• _DATASET EXCERPT_
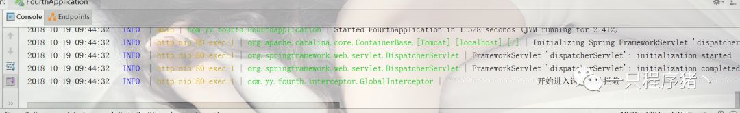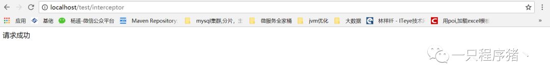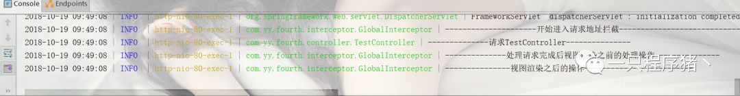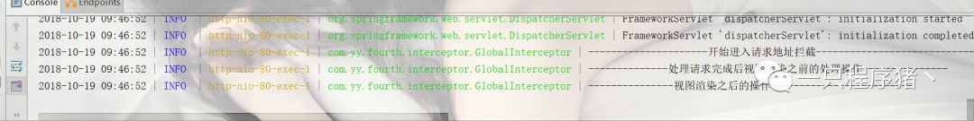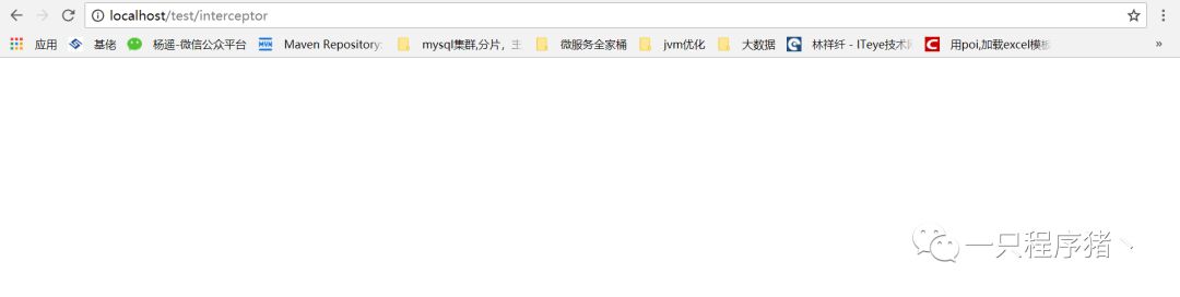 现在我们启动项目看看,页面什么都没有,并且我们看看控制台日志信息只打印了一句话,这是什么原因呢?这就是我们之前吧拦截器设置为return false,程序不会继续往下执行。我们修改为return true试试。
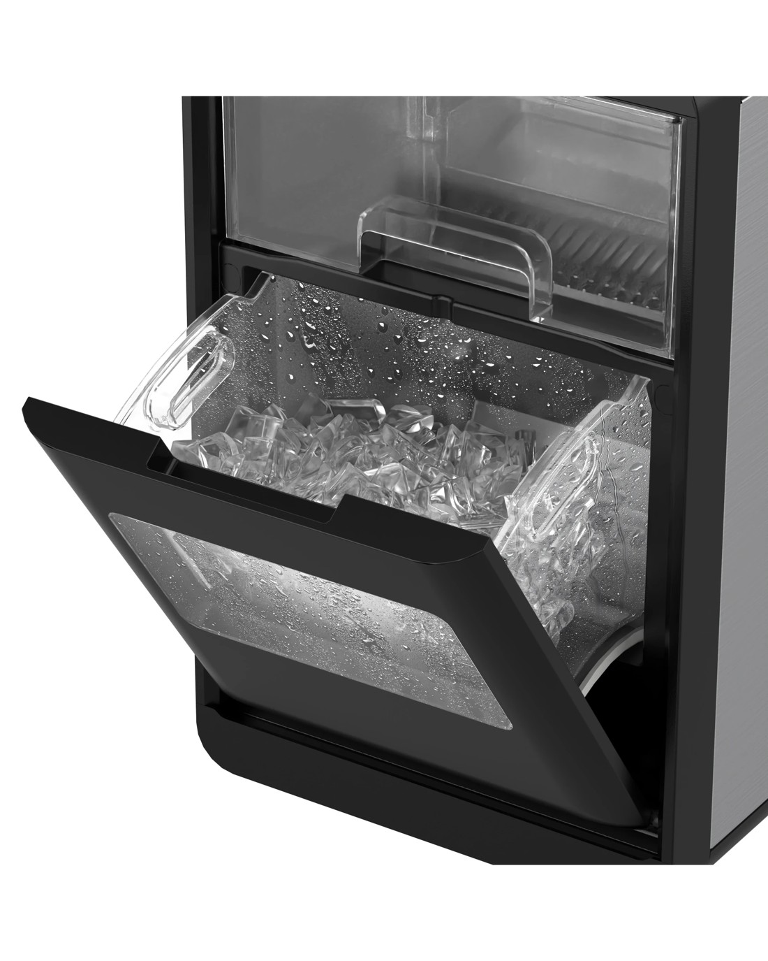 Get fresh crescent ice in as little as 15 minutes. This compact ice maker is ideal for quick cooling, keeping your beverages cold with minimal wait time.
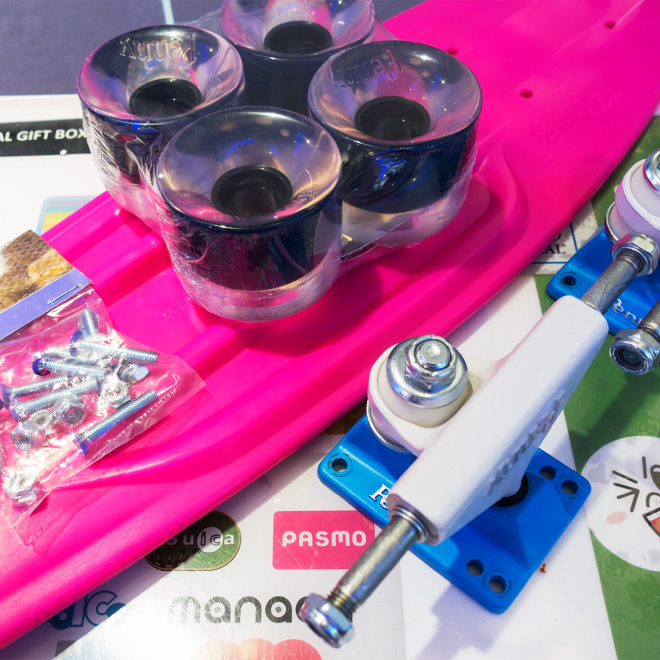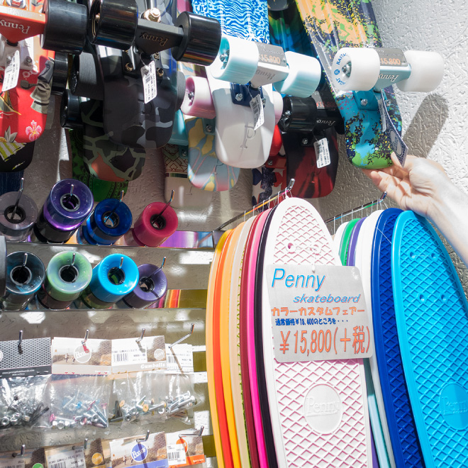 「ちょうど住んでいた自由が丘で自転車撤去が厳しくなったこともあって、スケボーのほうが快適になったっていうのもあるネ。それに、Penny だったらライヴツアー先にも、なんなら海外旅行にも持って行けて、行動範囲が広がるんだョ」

• _WHAT IS REQUIRED_
Retype each line above exactly. Leave the images out.

• _RESPONSE TO THE EXERCISE_
 现在我们启动项目看看,页面什么都没有,并且我们看看控制台日志信息只打印了一句话,这是什么原因呢?这就是我们之前吧拦截器设置为return false,程序不会继续往下执行。我们修改为return true试试。
 Get fresh crescent ice in as little as 15 minutes. This compact ice maker is ideal for quick cooling, keeping your beverages cold with minimal wait time.
 「ちょうど住んでいた自由が丘で自転車撤去が厳しくなったこともあって、スケボーのほうが快適になったっていうのもあるネ。それに、Penny だったらライヴツアー先にも、なんなら海外旅行にも持って行けて、行動範囲が広がるんだョ」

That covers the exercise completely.